Goals: Standardize the major architectural patterns, break up monolithic modules, and increase test coverage for high-risk areas.

Week 5-6: Error Handling Standardization

The team tackled their five different error handling patterns, converging on a custom exception hierarchy:

# core/exceptions.py
class AppError(Exception):
    """Base exception for all application errors."""
    def __init__(self, message: str, code: str, status_code: int = 500):
        self.message = message
        self.code = code
        self.status_code = status_code
        super().__init__(message)

class NotFoundError(AppError):
    def __init__(self, resource: str, identifier: str):
        super().__init__(
            message=f"{resource} '{identifier}' not found",
            code="NOT_FOUND",
            status_code=404
        )

class ValidationError(AppError):
    def __init__(self, message: str, field: str | None = None):
        super().__init__(
            message=message,
            code="VALIDATION_ERROR",
            status_code=422
        )

They migrated module by module. For each module, they asked the AI to convert all error handling to use the new exception classes, provided the exception hierarchy as context, and reviewed every change. The migration took eight developer-days spread across two weeks.

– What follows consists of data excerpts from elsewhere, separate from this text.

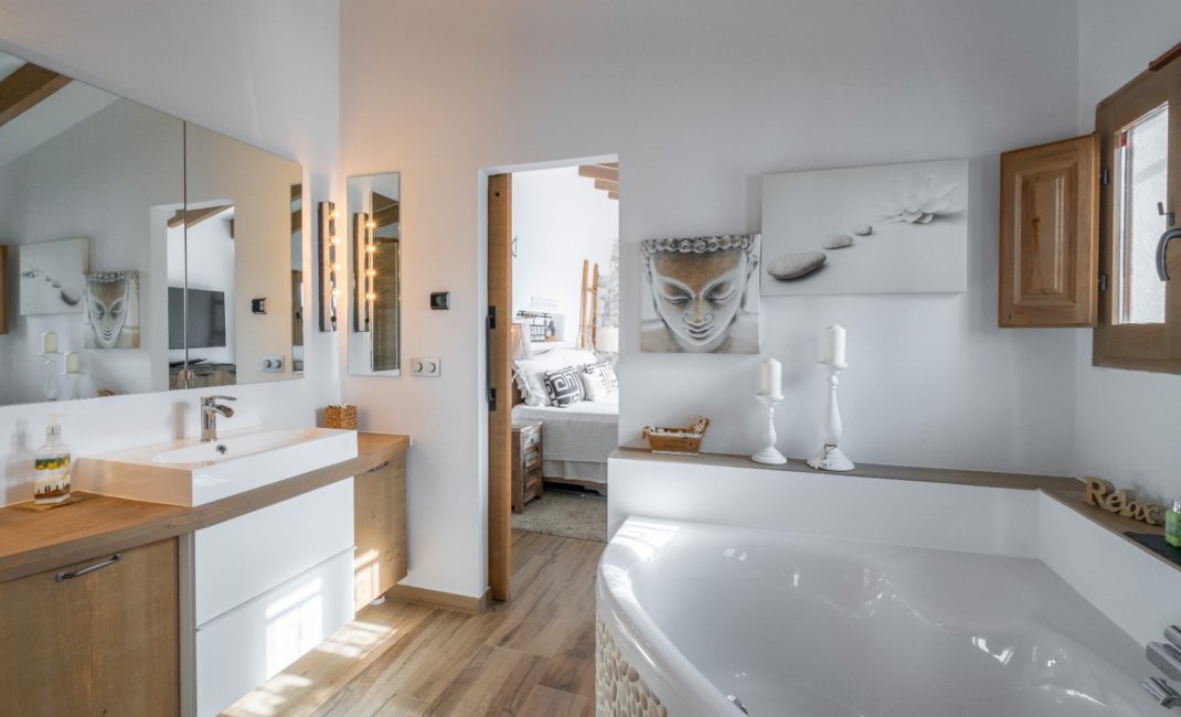 En la planta superior hay un espacio que actualmente se usa como oficina, pero que podría convertirse en un tercer dormitorio. Además, tiene dos vestidores independientes, un amplio dormitorio principal y un baño con bañera y ducha separada. Desde el dormitorio principal se accede a una segunda terraza.
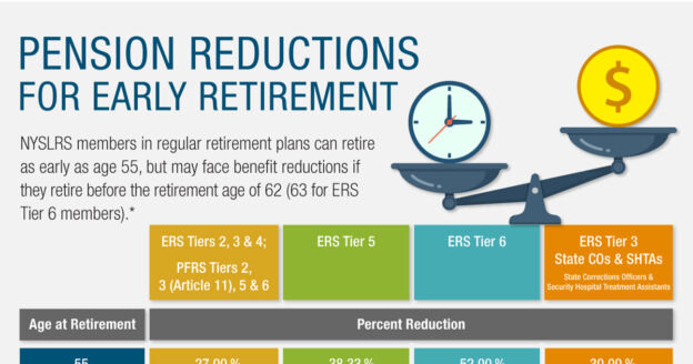 Members in regular retirement plans can retire as early as age 55, but they may face significant pension reductions if they retire before their full retirement age. The full retirement age for members in most tiers is 62, and it’s 63 for Employees’ Retirement System (ERS) Tier 6 members and for Police and Fire Retirement System (PFRS) Tier 6 members who leave public employment before retirement age, but have enough service to receive a pension. If you joined NYSLRS on or after April 1, 2012, you are in Tier 6.
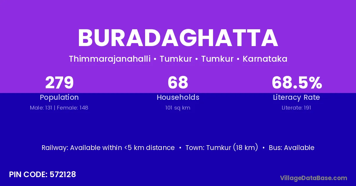 Tumkur (18 km) is the nearest town to Buradaghatta village for major economic activities and is located approximately 18 km away.
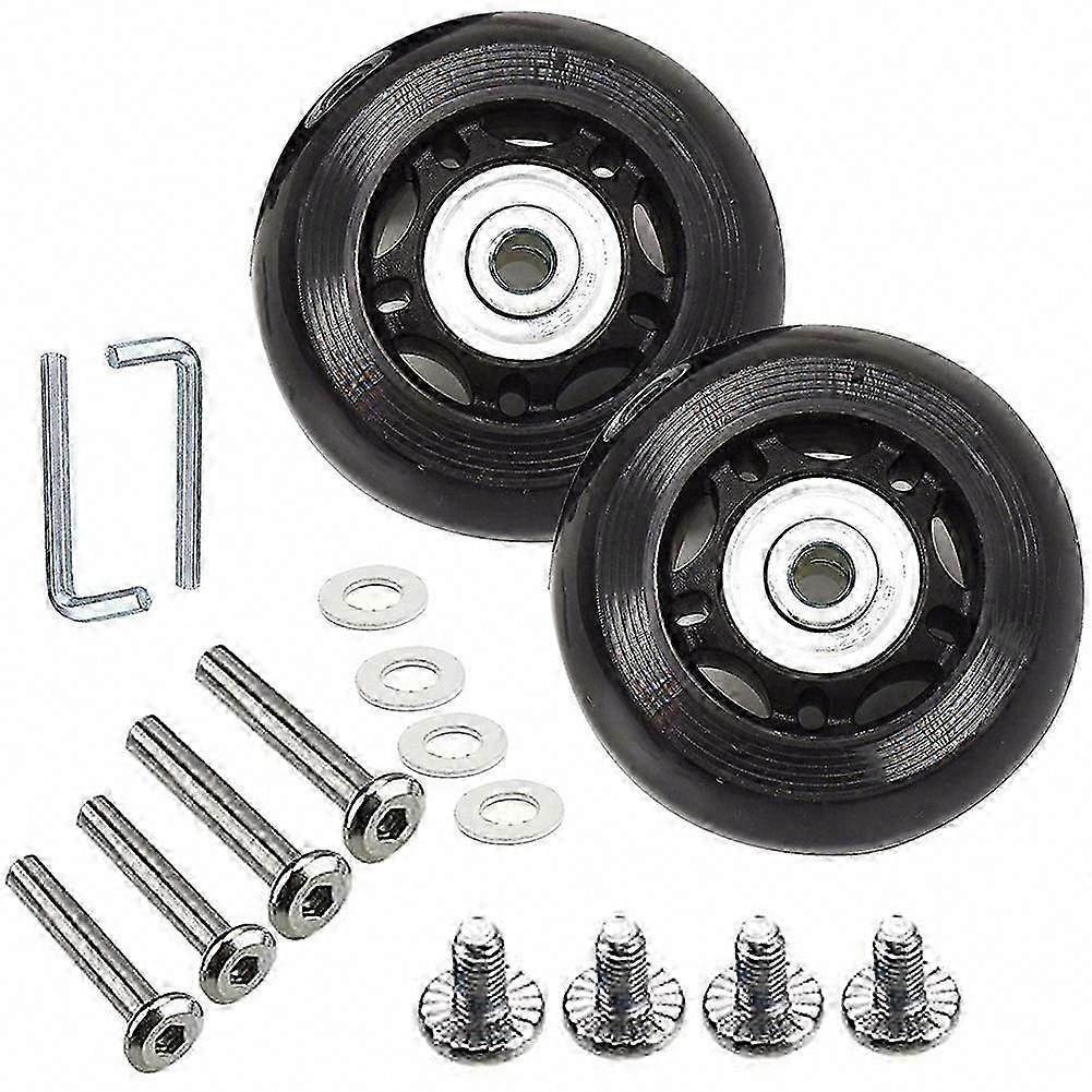 Luggage Suitcase Replacement Wheels.this set of luggage replacement wheels can meet your needs.Features:Wheel outer diameter: 75mm / 70mm / 80mmWheel width: 24mmBearing inner diameter: 6mmAxle: 36mm, 40mm (not including the head.)Material: rubbercolour: blackPackage Contents:2 x wheels2 x 36mm axles2 x 40mm axles4 x axle screws4 x washers2 x wrenchesOnly the above package content, other products are not included.Note: Light reflection and different displays may cause the color of the item in the picture a little different from the real thing. The measurement allowed error is +/- 1-3cm.
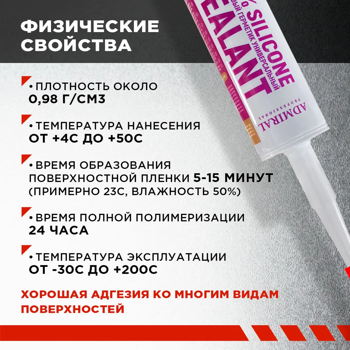 Высококачественный универсальный силиконовый герметик Admiral Professional с противогрибковой добавкой представляет собой однокомпонентный уксусно-силиконовый герметик, отверждаемый при комнатной температуре. Предназначен для уплотнения, соединения и защиты непористых поверхностей от проникновения воздуха и влаги; для герметизации оконных рам, дверных коробок, кабельных каналов; герметизации стыков при монтаже сантехнического оборудования, систем кондиционирования воздуха; защиты полиуретановой монтажной пены от УФ-лучей.

Week 6-7: Breaking Up the Task Monolith

The 4,200-line task.py file was the team's biggest pain point. They used the AI assistant to help decompose it:

  1. First, they asked the AI to analyze the file and suggest a decomposition into logical units. The AI identified seven responsibility groups: task CRUD operations, task assignment logic, task status transitions, task search and filtering, task notifications, task reporting, and task import/export.

  2. They created seven new files matching these groups, plus a facade class that preserved the existing public API so callers did not need to change.

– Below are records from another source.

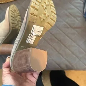 Elegant cream boots with sturdy block heel. Perfect for versatile styling.
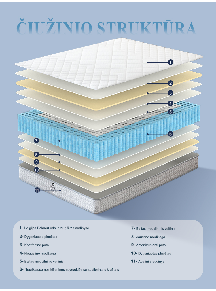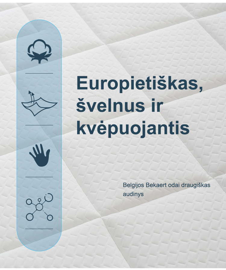 Viršutinis čiužinio sluoksnis – tai prestižinio Belgijos „Bekaert“ prekės ženklo audinys. Audinys sukurtas taip, kad būtų maksimaliai pralaidus orui, užtikrinant vėsumą ir sausumą visą naktį. Čiužinio medžiagos atitinka griežčiausius OEKO-TEX® Standard 100 ir CertiPUR-US® reikalavimus, todėl galite būti ramūs dėl savo ir šeimos sveikatos.
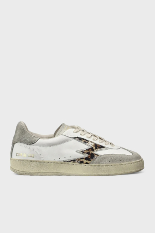 Deri Logolu Leopar ve Süet Detaylı Sneaker Bayan Ayakkabı CL001 BEYAZ
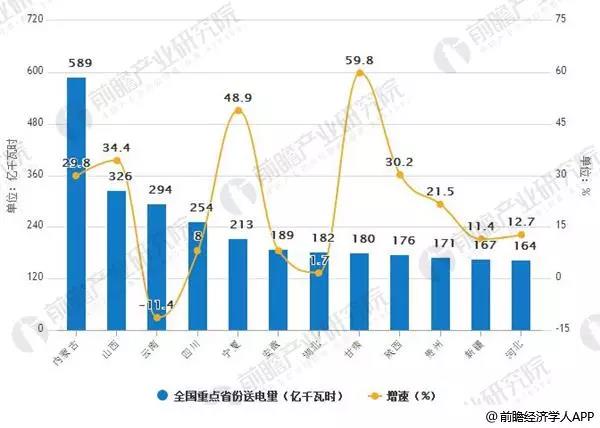 1-4月份,全國各省送出電量合計3628億千瓦時,同比增長21.8%。其中,內(nèi)蒙古送出電量589億千瓦時,同比增長29.8%;山西送出電量326億千瓦時,同比增長34.4%;云南送出電量294億千瓦時,同比下降11.4%;四川送出電量254億千瓦時,同比增長8.0%;寧夏送出電量213億千瓦時,同比增長48.9%;安徽送出電量189億千瓦時,同比增長8.0%;湖北送出電量182億千瓦時,同比增長1.7%;甘肅送出電量180億千瓦時,同比增長59.8%;陜西送出電量176億千瓦時,同比增長30.2%;貴州送出電量171億千瓦時,同比增長21.5%;新疆送出電量167億千瓦時,同比增長11.4%;河北送出電量164億千瓦時,同比增長12.7%。

  3. They migrated functionality one group at a time, writing tests for each group before and after the migration.

  4. After all groups were migrated, they updated callers to use the new modules directly and removed the facade.

The entire process took six developer-days. The AI was invaluable for the mechanical work of moving functions and updating imports, but human judgment was essential for deciding where to draw the boundaries.

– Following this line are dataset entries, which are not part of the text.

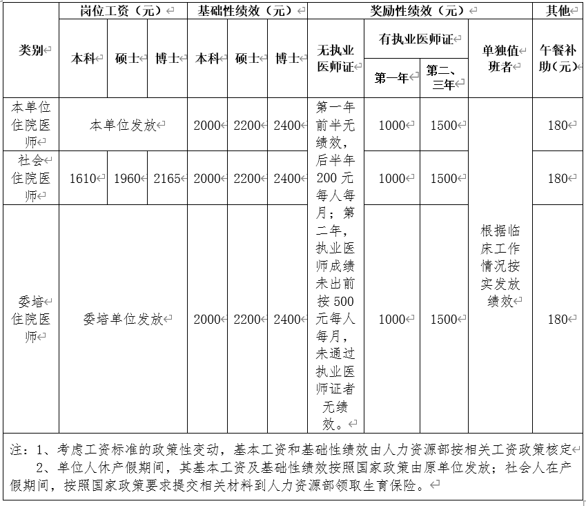 (二)医院不断完善住院医师待遇和绩效制度。社会住培医师待遇包括岗位工资、绩效补助、午餐补助、五项保险、晚夜班费等。住院医师在我院总收入每月4000-8000元(见附表),医院根据不同学历、年级、是否取得执业资格予以不同补助;根据临床工作情况发放绩效。体现多劳多得,少劳少得,不劳不得。根据住院医师是否取得执业资格、临床能力评估与考核、处方权考核等相关因素安排单独值班。
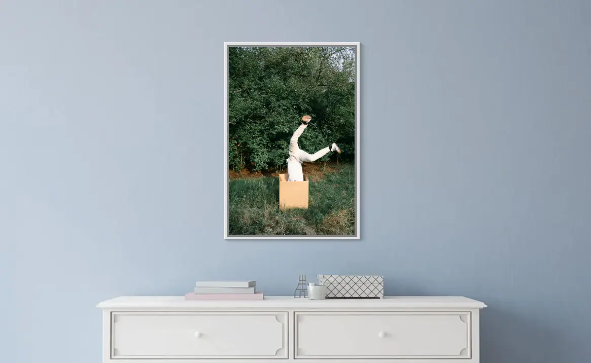 Der spezielle Schattenfugenrahmen aus Holz schafft einen 8 mm breiten sichtbaren Spalt zwischen dem Bild und dem Rahmen, der dein Wandbild schwebend erscheinen lässt!
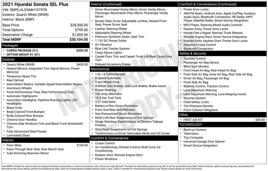 AM/FM radio: SiriusXM, Apple CarPlay & Android Auto, Auto High-beam Headlights, Dinamica Suede/Leatherette Seating Surfaces, Emergency communication system: Blue Link Connected Car Service (3-year complimentary subscription), Exterior Parking Camera Rear, Front dual zone A/C, Heated Front Bucket Seats, Illuminated entry, Remote keyless entry, Wireless Device Charging, 4-Wheel Disc Brakes, 6 Speakers, ABS brakes, Air Conditioning, Alloy wheels, Auto-dimming Rear-View mirror, Automatic temperature control, Brake assist, Bumpers: body-color, Cargo Hook, Cargo Net, Cargo Package, Carpeted Floor Mats, Delay-off headlights, Driver door bin, Driver vanity mirror, Dual front impact airbags, Dual front side impact airbags, Electronic Stability Control, First Aid Kit, Four wheel independent suspension, Front anti-roll bar, Front Bucket Seats, Front Center Armrest, Front reading lights, Fully automatic headlights, Garage door transmitter: HomeLink, Heated door mirrors, Heated front seats, Knee airbag, Low tire pressure warning, Occupant sensing airbag, Option Group 01, Outside temperature display, Overhead airbag, Overhead console, Panic alarm, Passenger door bin, Passenger vanity mirror, Power door mirrors, Power driver seat, Power steering, Power windows, Radio data system, Radio: AM/FM/MP3/HD/SiriusXM Display Audio, Rear anti-roll bar, Rear seat center armrest, Rear side impact airbag, Rear window defroster, Reversible Cargo Tray, Security system, Speed control, Speed-sensing steering, Speed-Sensitive Wipers, Split folding rear seat, Steering wheel mounted audio controls, Tachometer, Telescoping steering wheel, Tilt steering wheel, Traction control, Trip computer, Turn signal indicator mirrors, Variably intermittent wipers, Wheels: 19 x 8.0J Aluminum Alloy, AM/FM radio: SiriusXM, Apple CarPlay & Android Auto, Auto High-beam Headlights, Dinamica Suede/Leatherette Seating Surfaces, Emergency communication system: Blue Link Connected Car Service (3-year complimentary subscription), Exterior Parking Camera Rear, Front dual zone A/C, Heated Front Bucket Seats, Illuminated entry, Remote keyless entry, Wireless Device Charging.

Week 7-8: Database Access Standardization

The team created a base repository class and migrated all five data access patterns to use it. The AI helped generate the repository implementations from the conventions document and existing model definitions.

They also added test coverage for all repository methods, bringing backend coverage from 56% to 64%.

Month 2 Results:

Metric After Month 1 After Month 2 Change
Avg complexity 15.8 12.1 -23.4%
Duplication 11.2% 7.8% -30.4%
Pattern consistency 59% 74% +25.4%
Test coverage (BE) 56% 67% +19.6%
Build time 14 min 9 min -35.7%
Velocity (story points) 11 14 +27.3%

Month 3: Refinement and Sustainability

Goals: Continue pattern standardization, establish ongoing processes, and reach sustainable metrics.

Week 9-10: Frontend Consolidation

Tomasz (the team's strongest frontend developer) led the effort to consolidate the three state management approaches. They kept Redux Toolkit for application-level state and converted all Context API and inappropriate local state usage to follow the established pattern. The AI assistant generated the migration code for each component, while Tomasz reviewed for React-specific correctness.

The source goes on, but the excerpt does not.